Edward Snowden. Katharine Gun. Antoine Deltour. John Doe. Bradley Birkenfeld. Howard Wilkinson. History shows that whistleblowers rarely get the thanks they deserve.
Yet without them, we might never know about the United States surveillance program (PRISM), the tax deals struck by multinationals (LuxLeaks), the lengths the rich and famous go to conceal their wealth (Panama Papers) or countless other misdemeanours.
- Why do you need a whistleblowing policy?
- What should be in your whistleblowing policy?
- EU whistleblowing rules
- How to deal with employee disclosures
- Whistleblowing to a prescribed person
Whistleblowers often pay a heavy price for speaking the truth: smear campaigns, financial ruin, untold stress and problems getting another job.
No surprise then that many more choose to remain silent for every person who speaks out - fearing retaliation or reprisal.

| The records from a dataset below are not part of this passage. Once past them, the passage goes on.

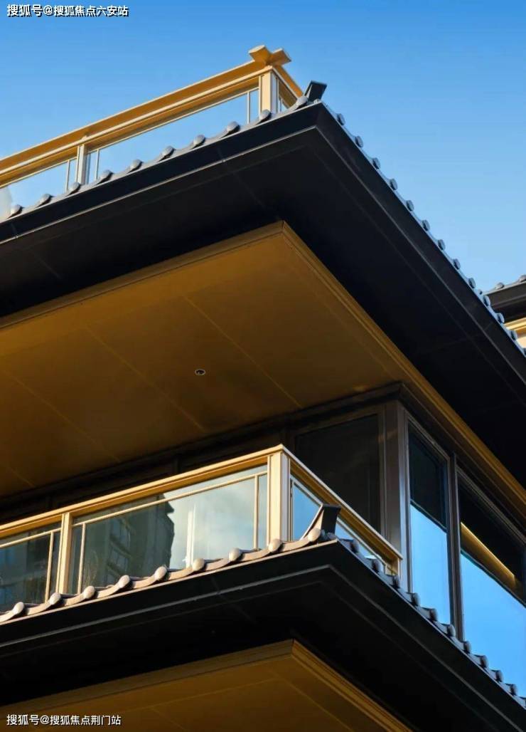 三重屋檐,代表天地人融合的东方宫殿最高等级,上檐、外檐、下檐三重结构,现代立面,以铝板、格栅、石材、瓦墙型材、玻璃等现代型材,彰显传世之宅的独特气度。
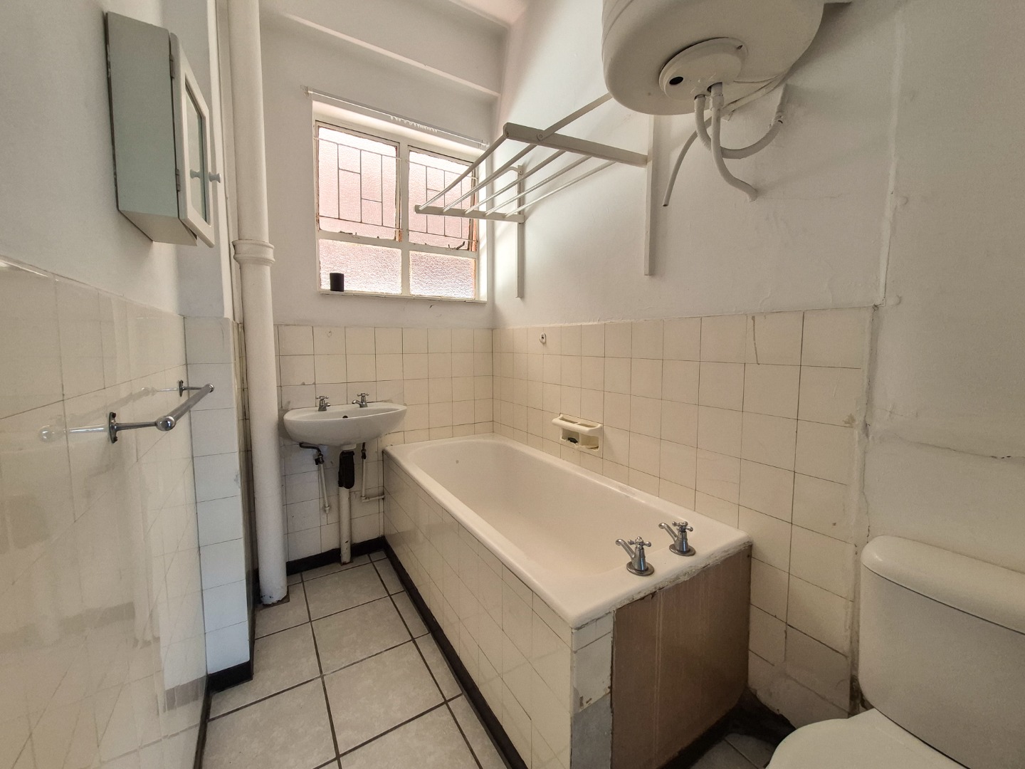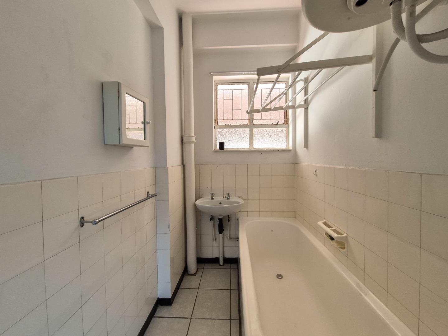 Lovely bachelor unit in a sought-after, front-line North Beach building. No parking. The unit offers a tiled bathroom with bath, basin and toilet, as well as a fold-out washing line. The kitchen is neat and well maintained, and the bright, airy open-plan bedroom/living area features built-in cupboards.
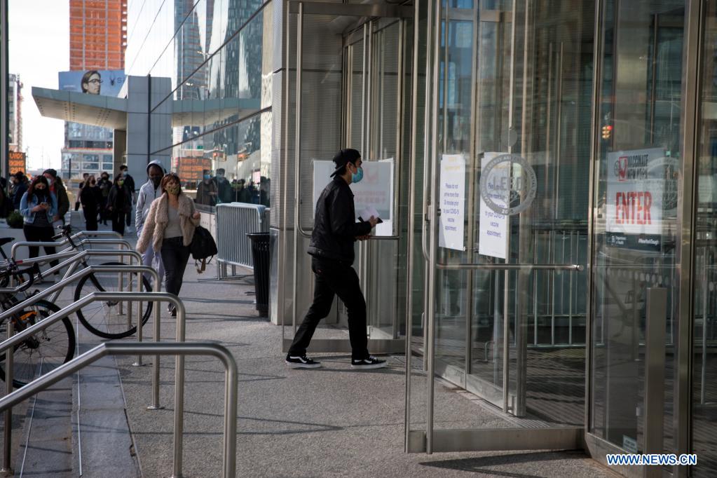 A man enters a COVID-19 vaccination site at the Javits Center in New York, United States, April 6, 2021. U.S. President Joe Biden announced Tuesday that all American adults will be eligible for COVID-19 vaccine by April 19. About 168 million COVID-19 vaccine shots have been administered as of Tuesday, while more than 219 million COVID-19 vaccine doses have been distributed across the country, CDC data show. (Photo by Michael Nagle/Xinhua)
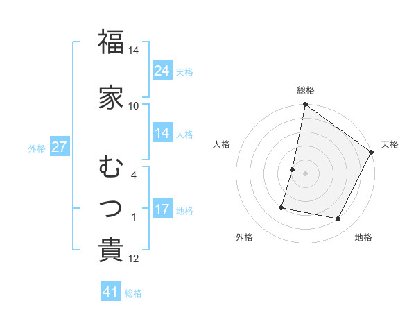福家 むつ貴さんを姓名の画数から五運を鑑定
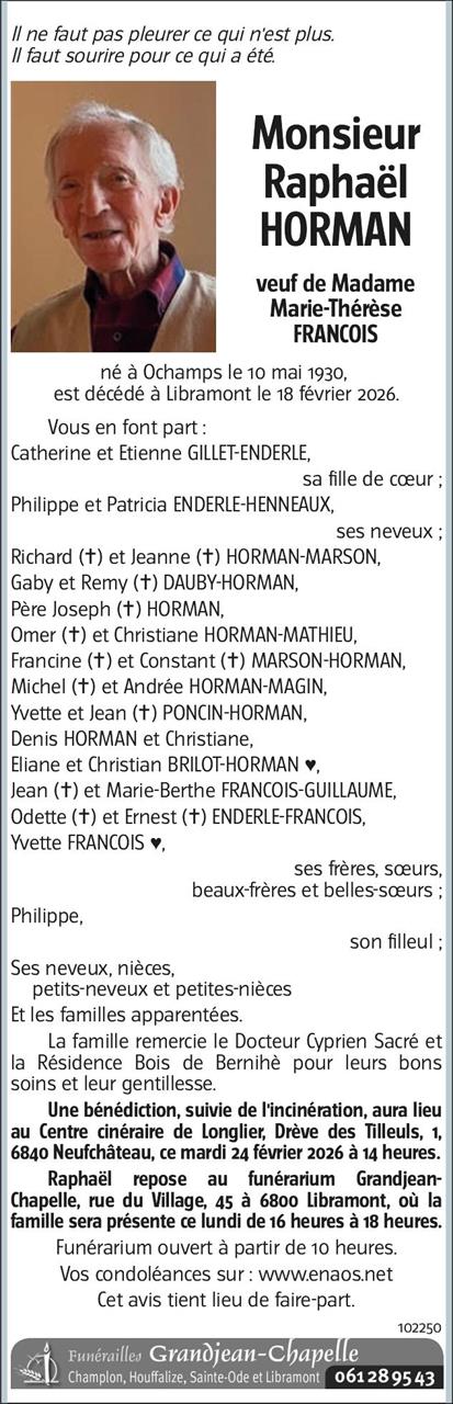 Décédé à Libramont (6800) le mercredi 18 février 2026 à l'âge de 95 ans
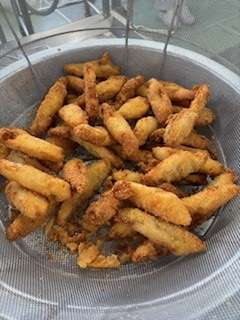 ☆給食室からこんにちは☆2月19日〜たらフライ、うすくず汁、小松菜のごまあえ、おさつチップス、ごはん、牛乳〜
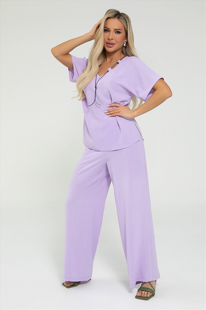 Артикул: К12671-15. Тип ткани: синтетический. Состав: 95% полиэстер, 5% эластан. Материал: сингапур - лёгкая ткань с жатой текстурой. Цвет: лавандовый. Принт: отсутствует. Вид застежки: без застёжки. Карманы: отсутствуют. Резинка в поясе: есть. Силуэт: свободный. Декоративные элементы: замшевый шнурок в петельках на горловине. Длина блузы по спинке от верхней точки плеча: 48/ 65 см, 50/ 66 см, 52/ 67 см, 54/ 68 см, 56/ 69 см. Длина брюк с учётом резинки по боковому шву: 48-56/ 108 см.
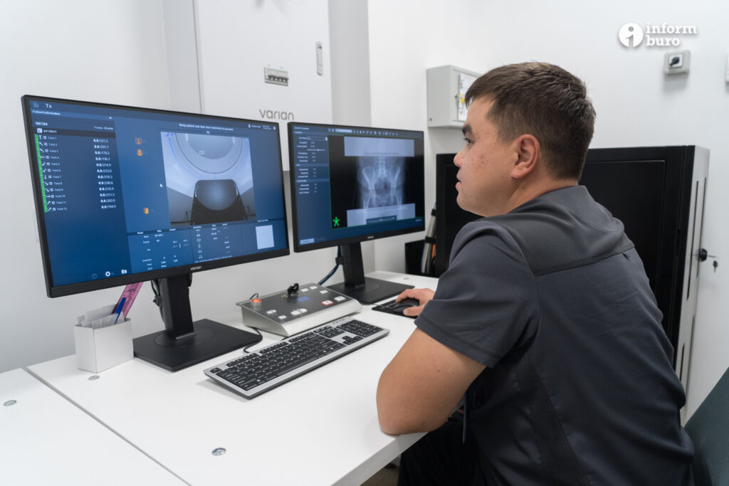 «До, во время и после лечения мы можем под проходящий радиационный луч адаптировать те органы и ткани, которые попадают в зону облучения, то есть уменьшать их и сдвигать. Это всё в процессе облучения. Это нам позволяет выполнять основной принцип лучевой терапии: максимальная доза на опухоль, минимальная доза на окружающие здоровые ткани. За счёт этого значительно уменьшается количество лучевых реакций и повреждений. Многие больные, получив лечение на этом аппарате, не нуждаются в длительном реабилитационном периоде», – рассказал руководитель центра радиационной онкологии АО «КазНИИОР» Виктор Ким.
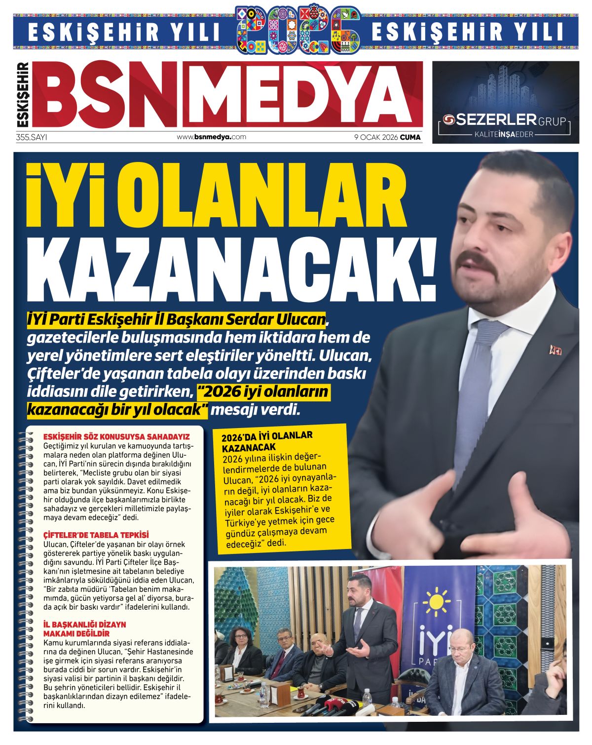 İYİ Parti Eskişehir İl Başkanı Serdar Ulucan, gazetecilerle buluşmasında hem iktidara hem de yerel yönetimlere sert eleştiriler yöneltti. Ulucan, Çifteler’de yaşanan tabela olayı üzerinden baskı iddiasını dile getirirken, “2026 iyi olanların kazanacağı bir yıl olacak” mesajı verdi.
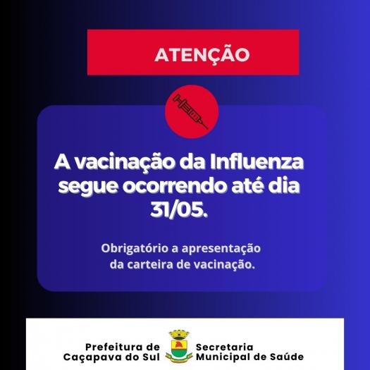 A Secretaria da Saúde comunica, que a campanha de vacinação da Influenza segue ocorrendo até o dia 31/05.
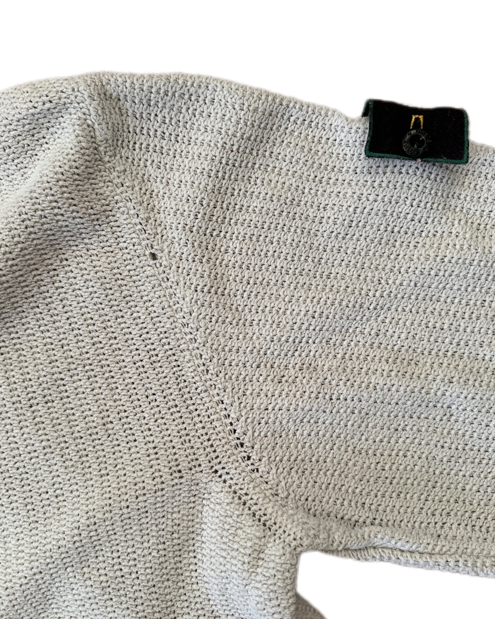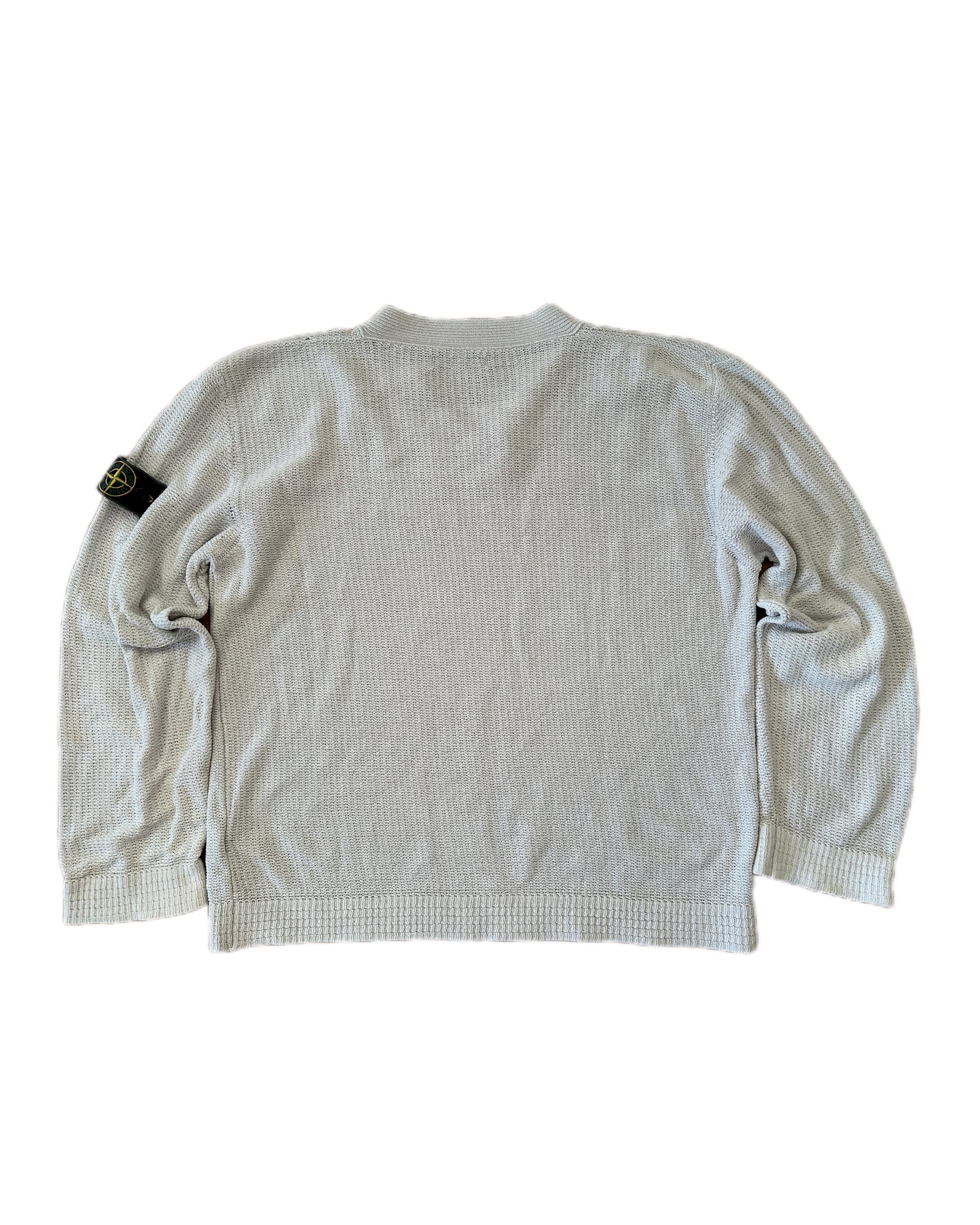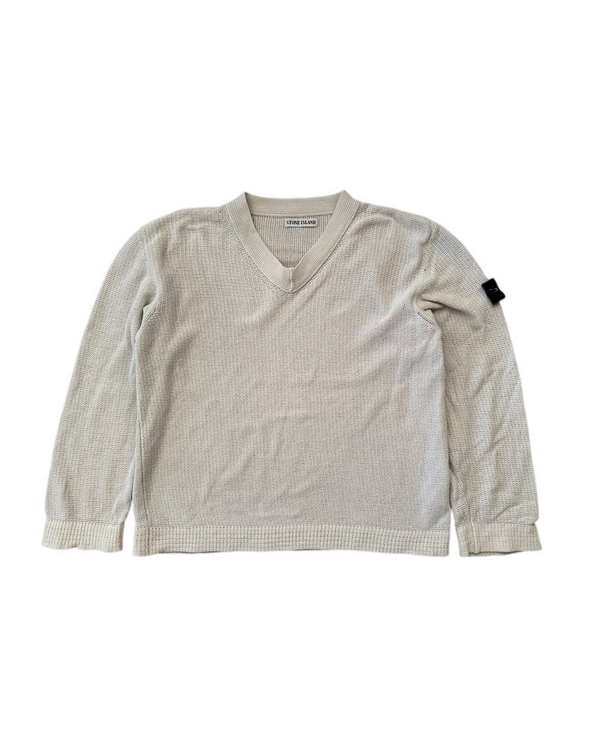 Stone Island 1999 Vintage Green Edge Light Grey Cotton V-Neck Knit Sweater - XL - Made in Italy

- Research by Eugene Soltes found that while 46% of workers were likely to report the theft of company property and 41% fraudulent accounting, only 27% would report inappropriate gift-giving.
- 20% of whistleblowing hotlines do not function properly or allow whistleblowers to maintain anonymity.
1. Why do you need a whistleblowing policy?
Staff are often reluctant to bring misconduct to the attention of management. That's why you need to create an open, transparent and safe environment where workers feel able to speak up.
Fortunately, the law protects whistleblowers. People should not be treated unfairly or lose their jobs because they raised the alarm on corporate misconduct.
A company's whistleblowing policy will depend on the size and nature of the organisation. Large organisations may have a policy where employees can contact their immediate manager or a specific team of trained individuals to handle whistleblowing disclosures. Smaller organisations may not have sufficient resources to do this.
2. What should be in your whistleblowing policy?
In the UK, workplace whistleblowing policy should establish a company's commitment to safeguarding whistleblowers from detrimental treatment as set out by the Public Interest Disclosure Act 1998.
It should be simple, easily understood and include:
- An explanation of what whistleblowing is, particularly concerning the organisation
- A commitment to training workers at all levels of the organisation concerning whistleblowing law and the organisation's policy
- A commitment to consistent and fair treatment of all disclosures
- A commitment to confidentiality by taking all reasonable steps to protect the identity of whistleblowers where it is requested (unless required by law to break that confidentiality)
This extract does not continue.